One of the leading insurance companies in South Africa required a completely new system for sales, collections, and administration for their micro-insurance portfolio. Their previous system was riddled with legacy bottlenecks and limited support, as well as astronomical licensing fees due to the scarcity of support and resources for the technology used. The rewrite had gone poorly, and we were tasked with taking over and recovering the project, ensuring it could go into production with the necessary level of stability, quality, and resilience one would expect from a new system.

Challenges:

  1. The system had been partially built but lacked proper design and implementation patterns, leading to slow system response, instability, and inconsistent/non-functional implementation.
  2. The team was scrambling to align themselves with the scope and deadline and find a way to deliver a system that could resolve all the permutations.
  3. The system behaved inconsistently, resulting in a growing backlog of bugs and issues that frequently re-occurred.

Implementation:

  1. Technology Stack Consolidation: The technology stack had already been defined, so our priority was to consolidate the technical estate and rebuild each of the layers using proper design principles such as SOLID, n-tier, and state management.
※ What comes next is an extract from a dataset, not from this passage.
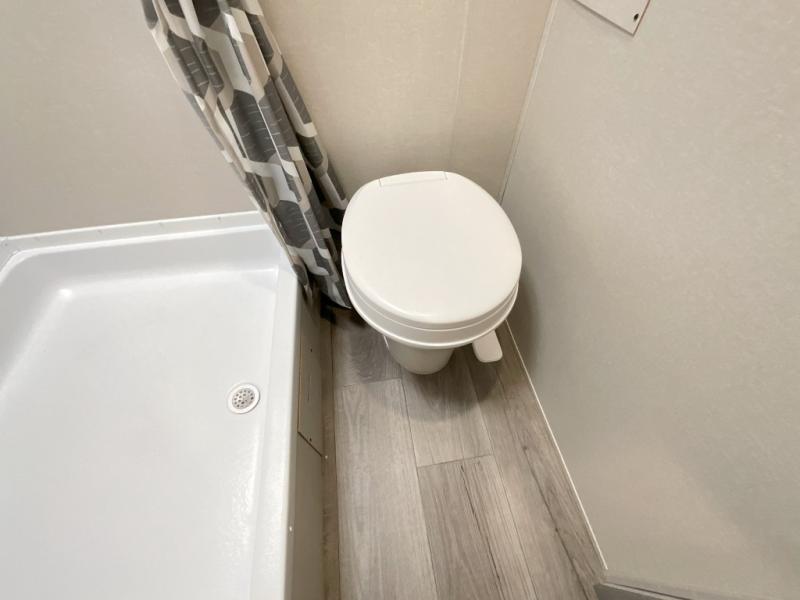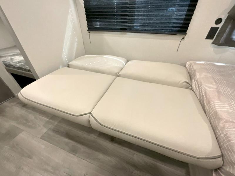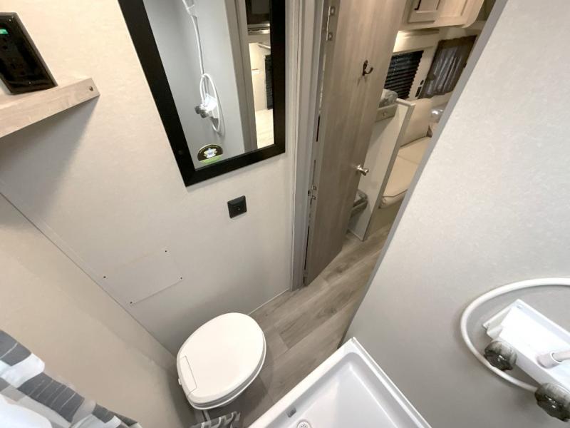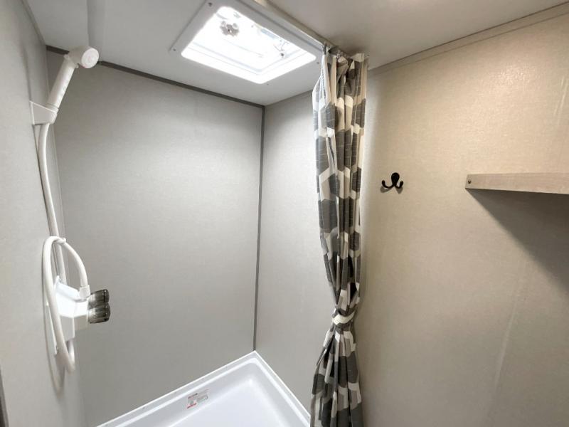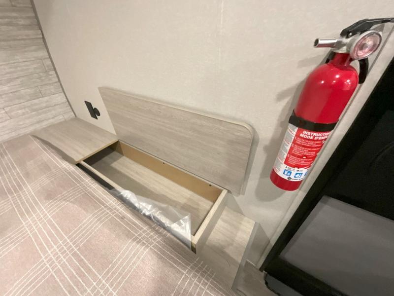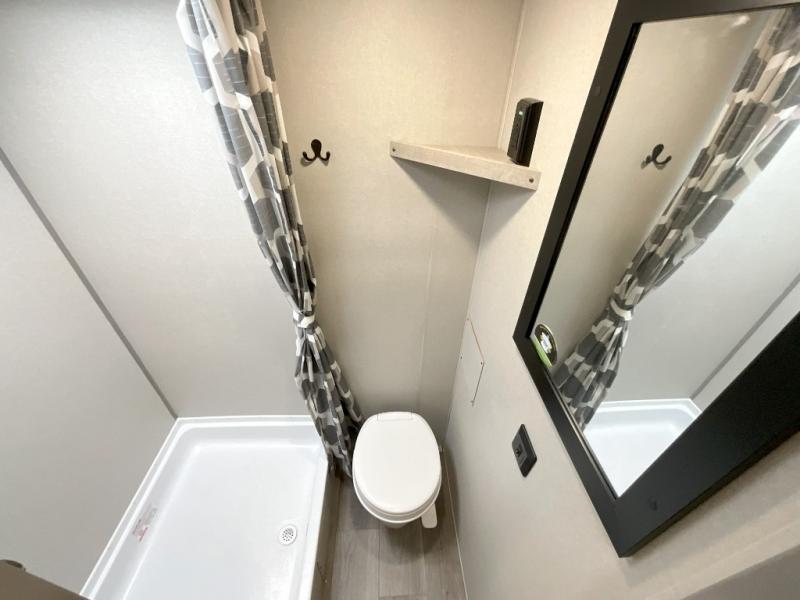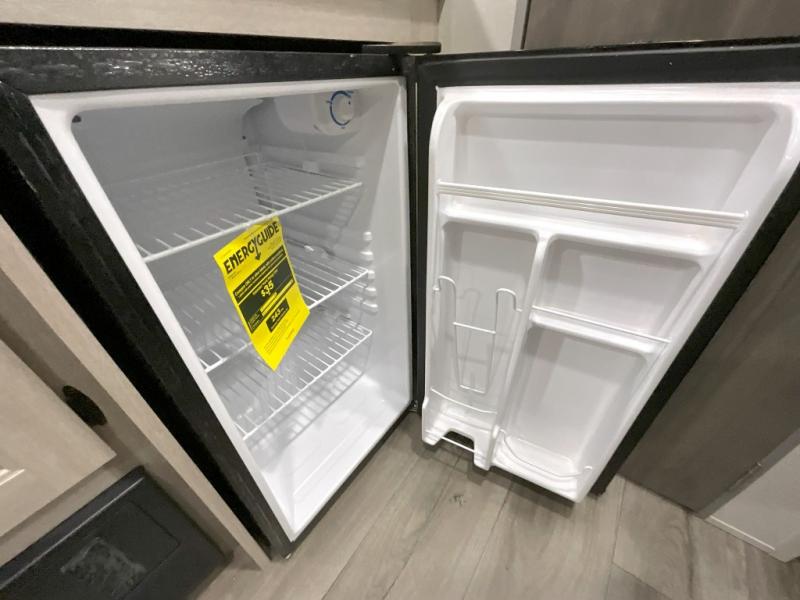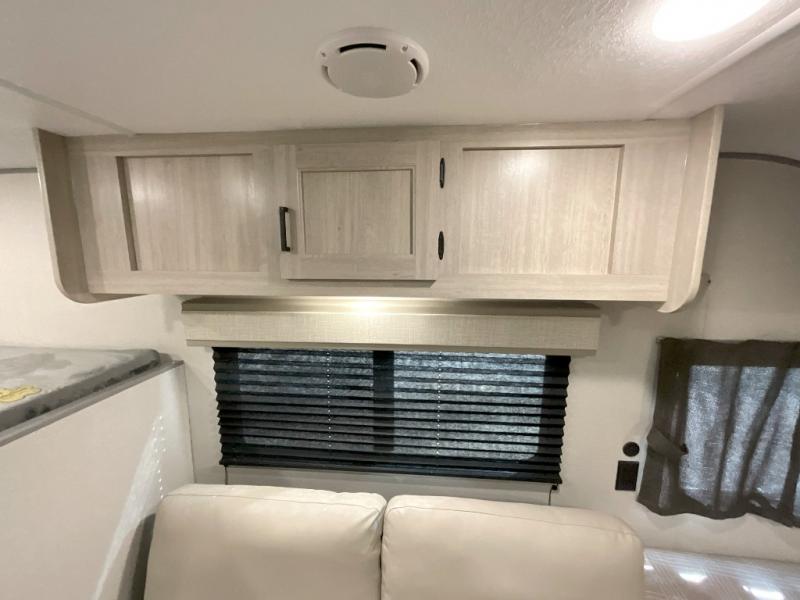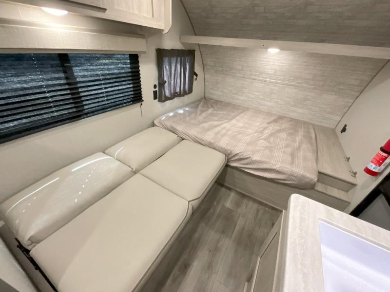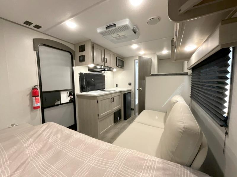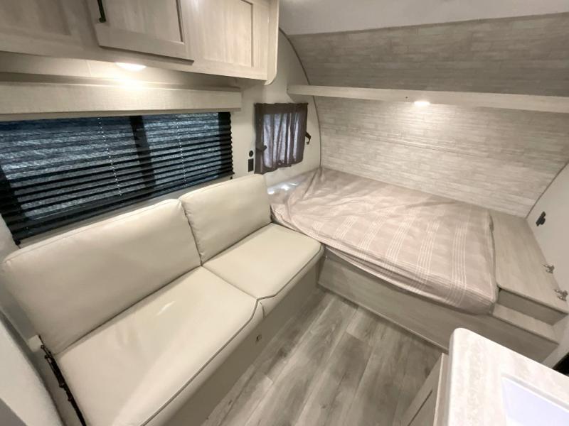 This travel trailers is perfect for a young family or smaller group. You can easily sleep four or more with the rear set of bunk beds and queen bed up front. There is also a 60" sofa for inside down-time, as well as complete kitchen and bath amenities so you can cook and stay clean while traveling. The rear corner bath features a toilet and 36" x 30" shower, and it's conveniently located next to the bunk beds which is great for little ones at night. Cooking inside will be easy with a GE stainless two-burner cooktop and single sink, plus there is also a GE microwave oven for snacks and things that you can easily warm up. If you plan to spend most of your time outdoors, you will find plenty of storage space in the front exterior storage compartment, and there is also plenty of storage inside as well.

We identified all the services and REST endpoints that were used and created a template for how these services should be defined and implemented. We rewrote all the existing services to conform to this template, introducing concepts like validation, exception handling, caching, and standardisation.
  2. Front-End Optimization: We identified the core bottlenecks on the front-end and integration pieces and set out splitting and optimising the components. We introduced advanced bundling techniques and lazy loading to the front-end, as well as improved routing, promoting reuse and componentization of repeated pieces of functionality. We then implemented various interceptors to handle navigation, error, and network events consistently.
  3. Development Lifecycle Improvement: We improved the development lifecycle by introducing branching strategies, code review, and an approval process that helped us catch and resolve issues preemptively while ensuring stricter code standards were enforced.

Results:

  1. Refactored over 130 services into a consistent standard.
  2. Reduced the initial page load from over 20 seconds to sub-second loads.
  3. Reduced the main front-end bundle from 18 megabytes to 9 megabytes.
  4. Cleared the bug backlog and introduced stability and resiliency.
  5. Improved deployment time and confidence in quality.